HESI LPN
Adult Health 2 Exam 1
1. The mother of an 8-year-old boy tells the nurse that he fell out of a tree and hurt his arm and shoulder. Which assessment finding is the most significant indicator of possible child abuse?
- A. The child looks at the floor when answering the nurse's questions
- B. The mother's version of the injury is different from the child's version
- C. The child has several abrasions on the chest and legs
- D. The mother refuses to answer questions about family history
Correct answer: B
Rationale: In cases of possible child abuse, discrepancies between the accounts given by the child and the parent are critical indicators. This inconsistency could suggest that the injury was not accidental and may be a result of abuse. Looking at the floor while answering questions or having abrasions on the body can be concerning but are not as direct indicators of abuse as conflicting stories between the child and the parent.

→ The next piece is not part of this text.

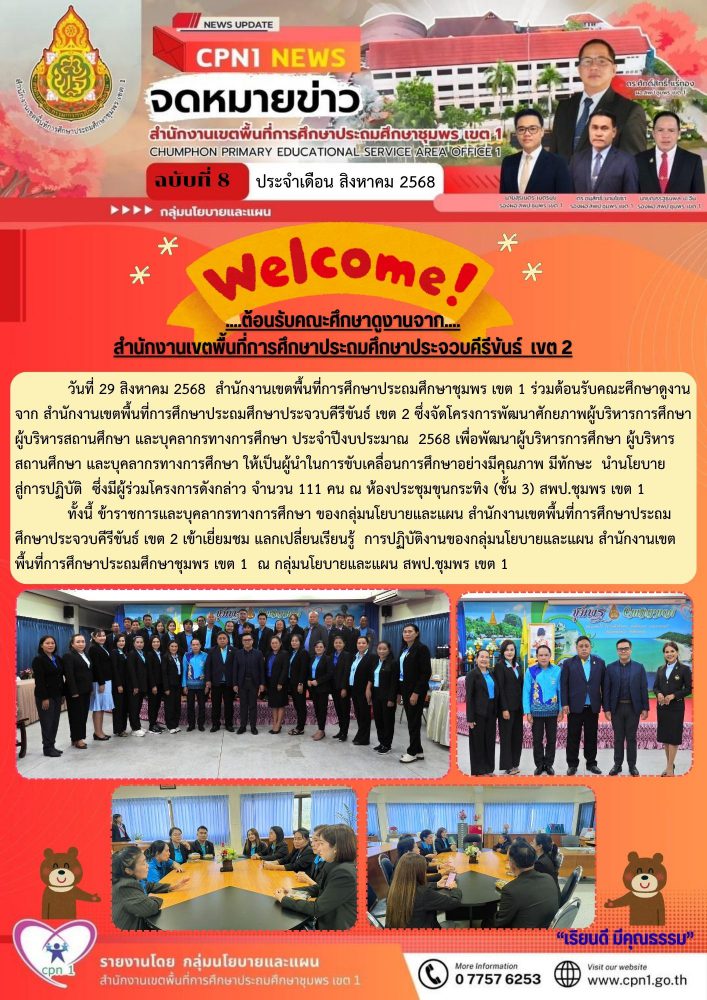 วันที่ 29 สิงหาคม 2568 สำนักงานเขตพื้นที่การศึกษาประถมศึกษาชุมพร เขต 1 ร่วมต้อนรับคณะศึกษาดูงานจาก สำนักงานเขตพื้นที่การศึกษาประถมศึกษาประจวบคีรีขันธ์ เขต 2 ซึ่งจัดโครงการพัฒนาศักยภาพผู้บริหารการศึกษา ผู้บริหารสถานศึกษา และบุคลากรทางการศึกษา ประจำปีงบประมาณ 2568 เพื่อพัฒนาผู้บริหารการศึกษา ผู้บริหารสถานศึกษา และบุคลากรทางการศึกษา ให้เป็นผู้นำในการขับเคลื่อนการศึกษาอย่างมีคุณภาพ มีทักษะ นำนโยบาย สู่การปฏิบัติ ซึ่งมีผู้ร่วมโครงการดังกล่าว จำนวน 111 คน ณ ห้องประชุมขุนกระทิง (ชั้น 3) สพป.ชุมพร เขต 1

2. A client with a leg fracture reports increased pain and swelling. What should the nurse suspect?
- A. Compartment syndrome
- B. Deep vein thrombosis
- C. Wound infection
- D. All of the above
Correct answer: A
Rationale: Increased pain and swelling in a fracture could indicate compartment syndrome, a serious condition requiring urgent care. Compartment syndrome is characterized by increased pressure within a muscle compartment, leading to compromised blood flow and potential tissue damage. Deep vein thrombosis is less likely in this scenario as the symptoms are more indicative of compartment syndrome. Wound infection would typically present with localized signs of infection at the wound site, such as redness, warmth, and purulent drainage, rather than diffuse pain and swelling.

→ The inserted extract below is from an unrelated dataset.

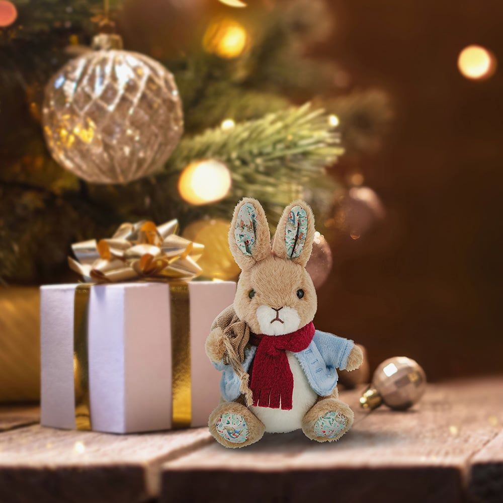 Bring festive cheer with the Peter Rabbit Christmas Soft Toy. Press his tummy to hear the classic Christmas tune, Jingle Bells, adding a touch of holiday magic to your home. This charming plush, complete with a cosy scarf and festive sack, makes a perfect keepsake for fans of all ages. Featuring authentic Beatrix Potter artwork, it beautifully brings Peter Rabbit to life.

3. A client's daughter phones the charge nurse to report that the night nurse did not provide good care for her mother. What response should the nurse make?
- A. Explain that all staff are doing their best
- B. Ask for a description of what happened during the night
- C. Tell the daughter to talk to the unit's nurse manager
- D. Reassure the daughter that the mother will get better care
Correct answer: B
Rationale: The correct response for the nurse in this situation is to ask for a description of what happened during the night. This allows the nurse to gather specific information about the care provided and address the complaint appropriately. Choice A is incorrect because dismissing the concern by stating that all staff are doing their best does not address the specific complaint. Choice C is not the best immediate response as the charge nurse should first gather information before escalating the issue to the nurse manager. Choice D is incorrect as it focuses on reassurance without addressing the reported issue.
4. The nurse is caring for a client who is 4 hours post-operative from abdominal surgery. The client is complaining of severe pain. What is the nurse's first action?
- A. Reassess the pain and its characteristics
- B. Administer prescribed pain medication
- C. Notify the surgeon
- D. Encourage the use of relaxation techniques
Correct answer: A
Rationale: The correct first action for the nurse to take when a post-operative client complains of severe pain is to reassess the pain and its characteristics. Reassessment is crucial to understand the nature and intensity of the pain, which will guide the nurse in providing appropriate interventions. Administering pain medication may be necessary but should only be done after reassessment to ensure the right medication and dose are given. Notifying the surgeon may be required in certain situations, but reassessment of pain should precede this action. Encouraging relaxation techniques is not the priority when a client is experiencing severe pain post-operatively.
5. The client with heart failure is prescribed furosemide (Lasix). What should the nurse include in the teaching plan?
- A. Increase potassium-rich foods in the diet
- B. Avoid foods high in sodium
- C. Monitor fluid intake and adjust as needed
- D. Take the medication in the morning
Correct answer: A
Rationale: The correct answer is to instruct the client to increase potassium-rich foods in the diet. Furosemide is a loop diuretic that can cause potassium loss as a side effect. By increasing potassium-rich foods, the client can help prevent hypokalemia, a potential complication of furosemide therapy. Choice B is incorrect because while limiting sodium intake is generally advisable for heart failure, it is not directly related to furosemide use. Choice C is incorrect because fluid intake should be monitored and adjusted based on the individual's condition, but setting a specific limit of 1 liter per day is not a standard recommendation. Choice D is incorrect because furosemide is usually taken in the morning to prevent disturbances in sleep due to increased urination during the night.